The SA scores and ADMET properties of the generated ESIPT molecules were predicted using ADMETlab 3.0.64 SA scores ranged from 1.5 to 3.5 (scale: 1 = easiest; scale 10 = hardest), indicating favorable synthetic feasibility through simple structural motifs and accessible routes (Fig. 5b). Subsequently, ΔE* values of generated ESIPT molecules were predicted using our XGBoost model combined with atom-pair descriptors (Fig. 5c).
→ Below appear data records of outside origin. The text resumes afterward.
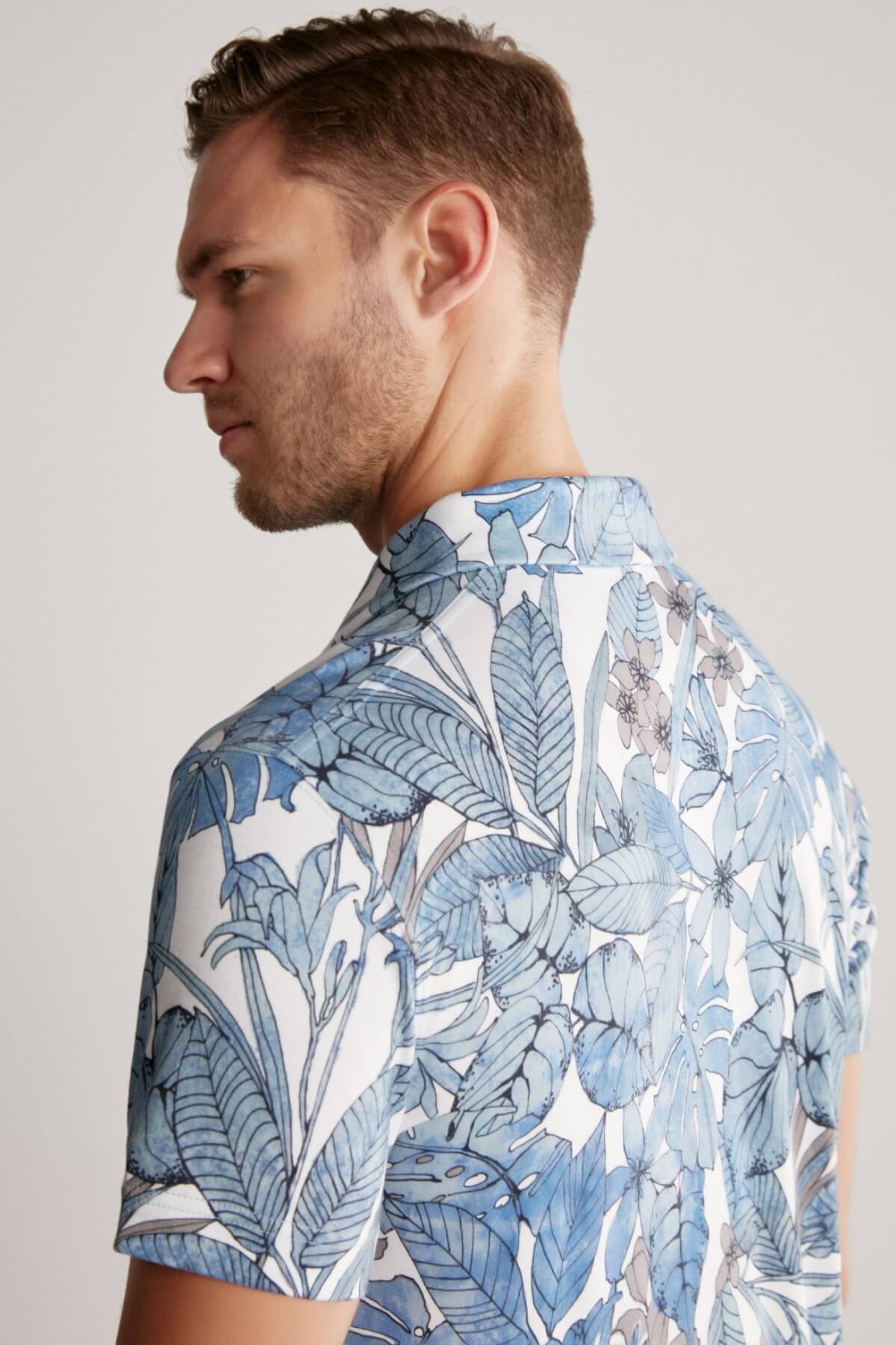 Çiçek Desen Mavi Polo Yaka T-Shirt
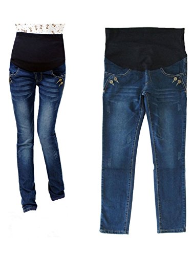【MIKA&MAYA】 マタニティ デニム パンツ ジーンズ ボトムス レディース ウェア 妊婦 青 (2XL サイズ)
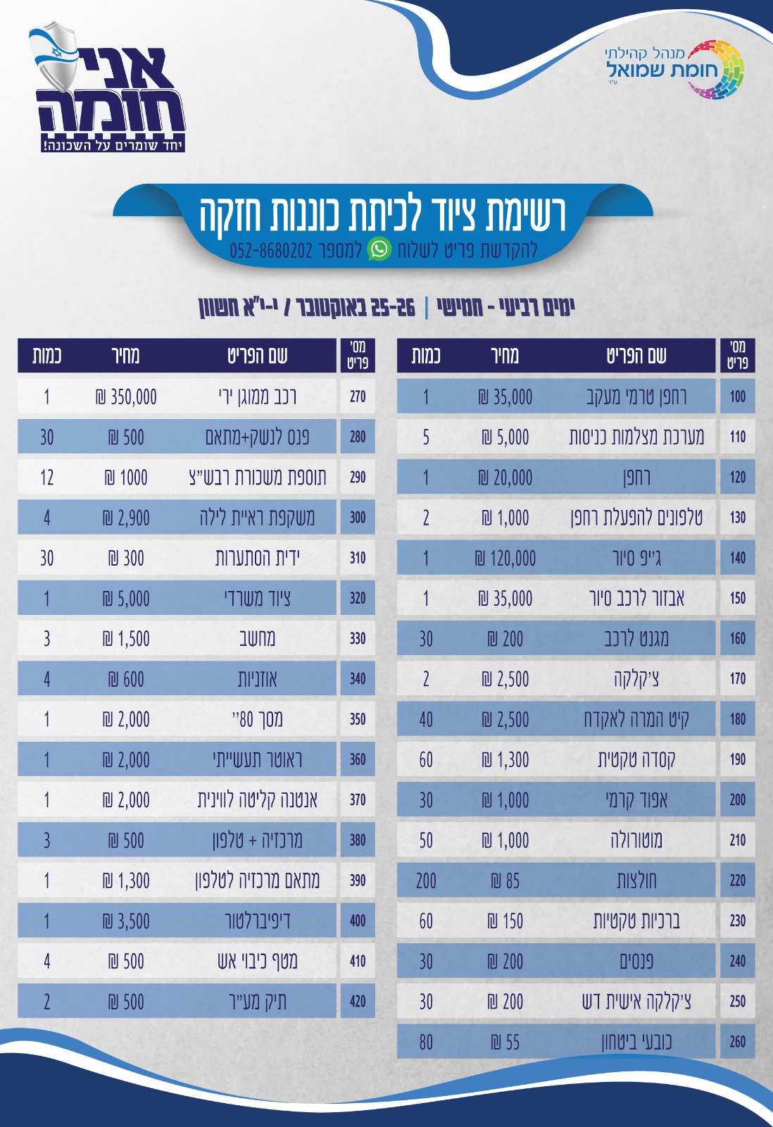 | מינהל קהילתי חומת שמואל הקים מרכז חלוקה למפוני דרום/צפון |

Given the increasing use of ESIPT fluorophores in bioimaging, intracellular sensing, and live-cell fluorescence studies,1–5 we further evaluated the generated ESIPT molecules using ADMET, log[thin space (1/6-em)]S, and log[thin space (1/6-em)]D to assess their potential suitability as fluorescent probes. (see SI Files, XLSX file 4).

Following multi-parametric evaluation (ΔE*, SA scores, ADMET, etc.), candidate ESIPT molecules were prioritized for experimental validation. Selection criteria emphasized: (i) thermodynamic favorability (ΔE* < 0), (ii) optimal safety/pharmacokinetic profiles, and (iii) high synthetic accessibility (SA) to ensure experimental feasibility. Balancing these factors, we identified two novel candidates: 5-(tert-butyl)-N-(4-chlorophenyl)-2-hydroxybenzamide (TCHB, SA = 1.67, ΔE* = −7.4 kcal mol−1) and N-(5-chloro-[1,1′-biphenyl]-2-yl)-2-hydroxybenzamide (CBHB, SA = 1.75, ΔE* = −4.3 kcal mol−1).

Their exergonic ΔE* values indicate ESIPT capability (Fig. 5d), and low SA scores suggest excellent synthetic accessibility. Both compounds are unreported in previous literature, confirming their novelty and potential for further exploration. Both compounds were synthesized for experimental validation (see SI, Section S4).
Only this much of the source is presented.